Ride Sharing Services and Insurance
Posted on March 2014
Typically, when you think of a cab, you think of a yellow car or van with a taxi sign on top, but that image may not be the same for very much longer. The sources of transportation are increasing as a new wave of “independent” cab drivers affiliated with ride sharing services like Uber and Lyft are allowing individuals to earn money by using their personal vehicles to pick up “fares”.
These ride sharing services are not only giving traditional cab drivers a run for their money, but are causing concerns about the regulation of these services. Regulated taxi services have rules in place to designate policies for charging fares, resolving complaints, and insurance coverage. These services are not regulated like traditional taxis.
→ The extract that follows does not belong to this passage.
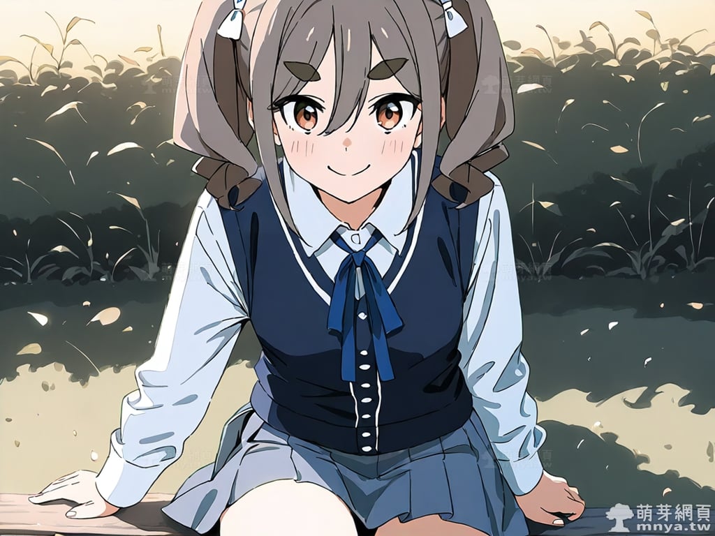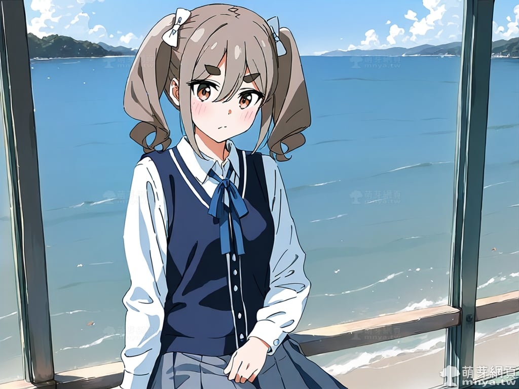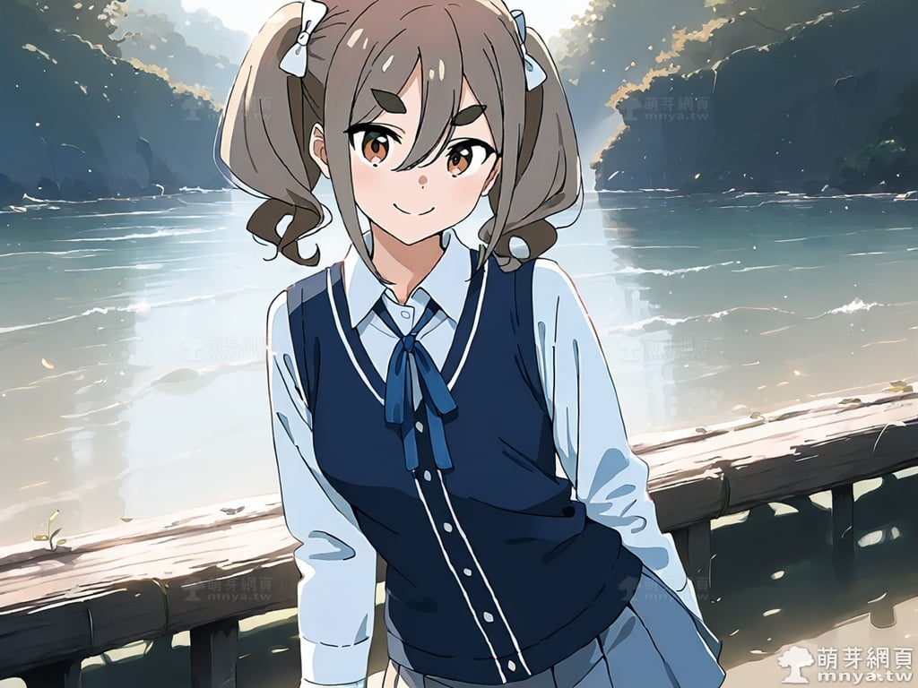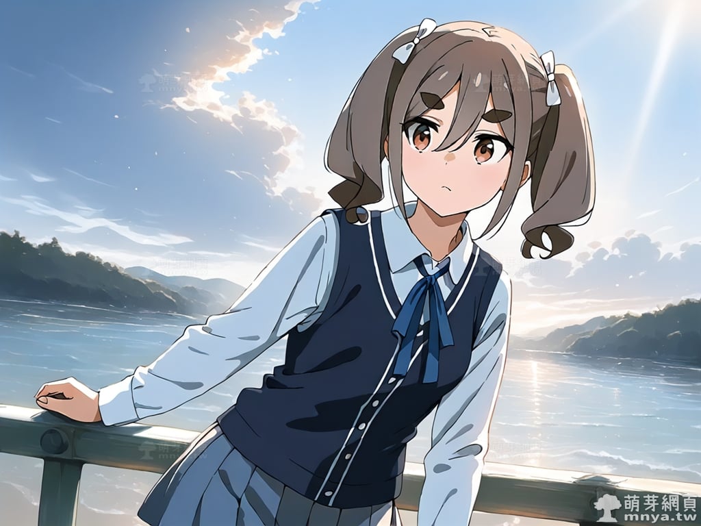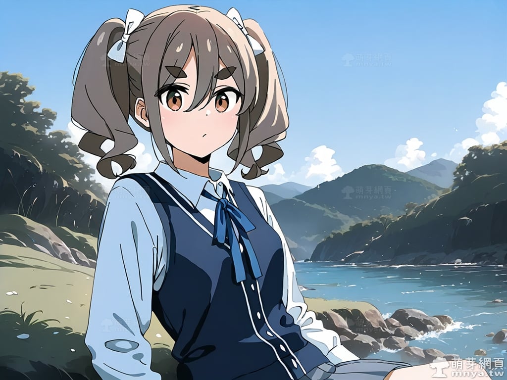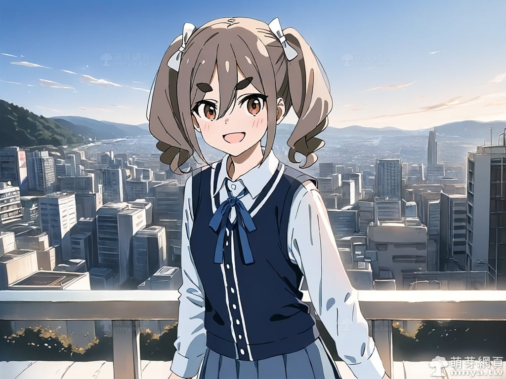 提詞文字:((masterpiece), (high quality), (high score), (great score):1.2), (photorealistic:0.5), 1girl, solo, (kiriyama an:1.3), __posture__, upper body, brown hair, twintails, bangs, hair bow, white bow, bow, hair between eyes, brown eyes, thick eyebrows, ribbon, blue ribbon, neck ribbon, short eyebrows, skirt, white shirt, pleated skirt, shirt, collared shirt, grey skirt, long sleeves, dress shirt, school uniform, blue skirt, sweater vest, black vest, small breasts, breasts, cowboy shot, __looking__, __expression__, __background__. <lora:kiriyama_an_XL:1>
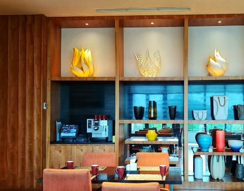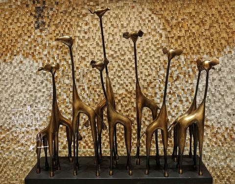 在万豪酒店的2楼。 【环境】 餐厅面积蛮大的,有各种各样的座位有沙发坐啦卡座啦,还有落地窗边阳台边的座位,满足各种需求。阳台大落地窗边的座位风光还是不错的,远眺可以看到的大海。 【菜式】 早餐品种很丰富啦,中西餐俱备。常规的煎蛋啦面档啦之外还有广东的粥品,还有地产酸奶和乳酸菌饮料,甜品还有黑芝麻糊。感动! 【服务】 服务生都很主动热情,有带位服务。 电梯间的长颈鹿组图小雕像太可爱了!

Traditional cabs are generally required to carry insurance to protect against liability that could arise from motor vehicle accident injuries that involve passengers, pedestrians, and people in other vehicles.
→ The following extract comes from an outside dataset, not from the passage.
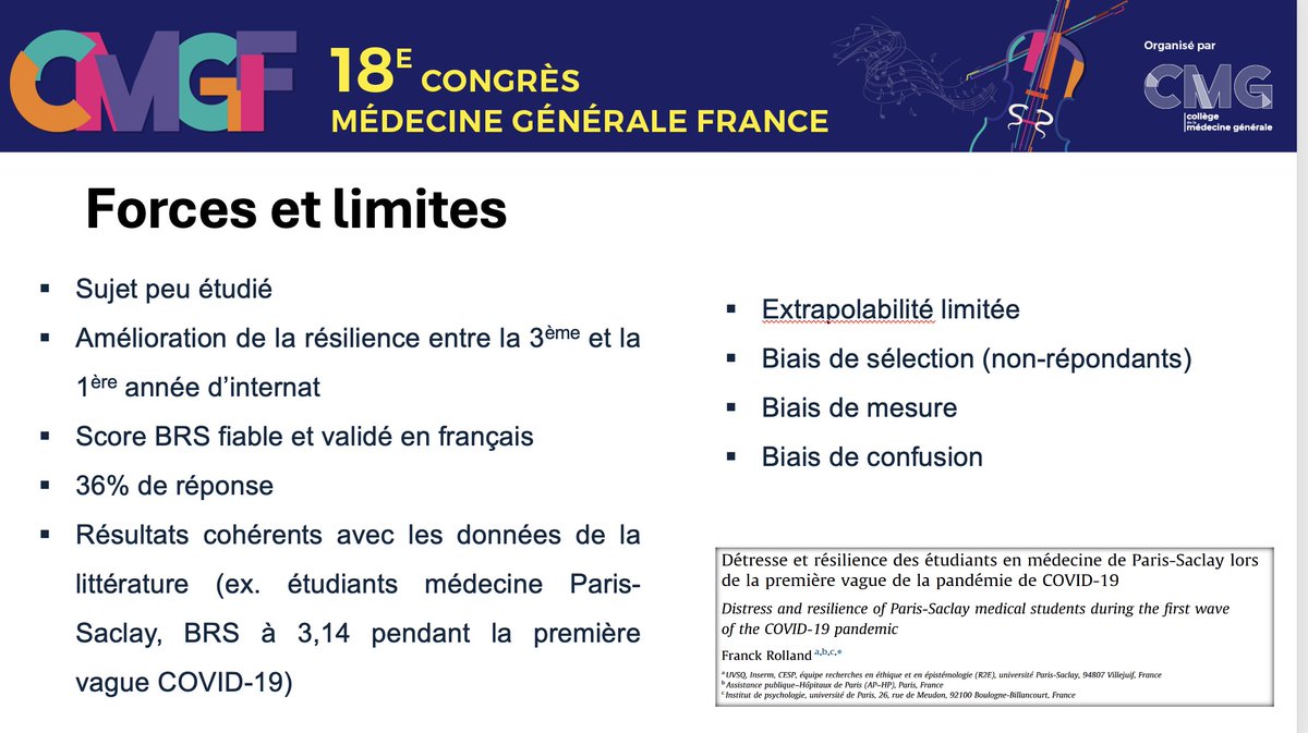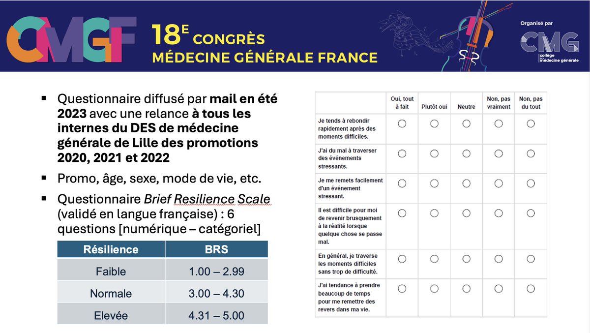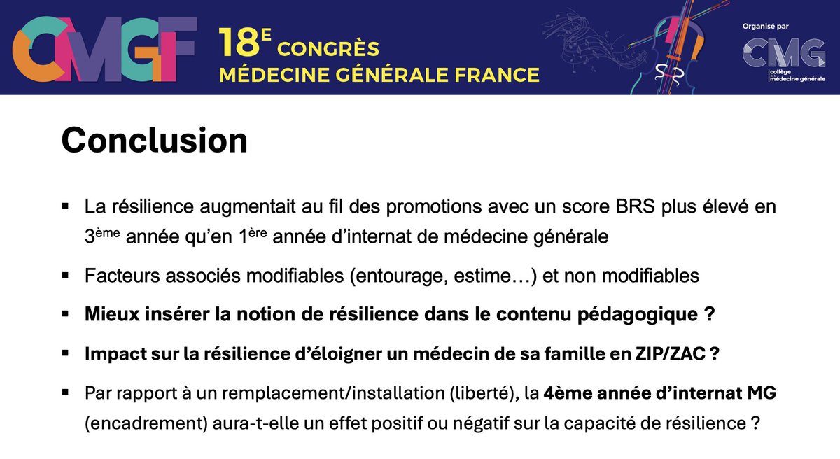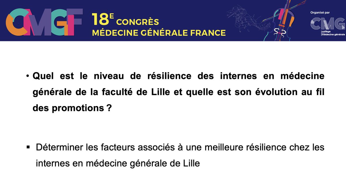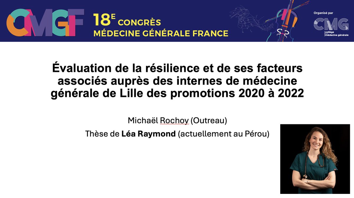 #CMGF2025 La dernière présentation est par mes soins : "Évaluation de la résilience et de ses facteurs associés auprès des internes de médecine générale de Lille des promotions 2020 à 2022".

Ride sharing services do have insurance but there have already been incidents that illustrate the concern for regulating ride sharing services. For instance, a driver of a ride sharing service struck and killed a pedestrian last year. Unfortunately, there was controversy over insurance coverage for the incident because the ride sharing vehicle was in between fares at the time and the insurance agreement did not include coverage for incidents that occurred in between fares.
Since this incident, there have been changes in the ways that ride sharing services are insuring drivers and fares, but the services remain unregulated. As these services gain popularity and continue to operate in more and more places, there will be additional questions about how they should be monitored. It will certainly be interesting to see how different states and cities weigh in on this issue.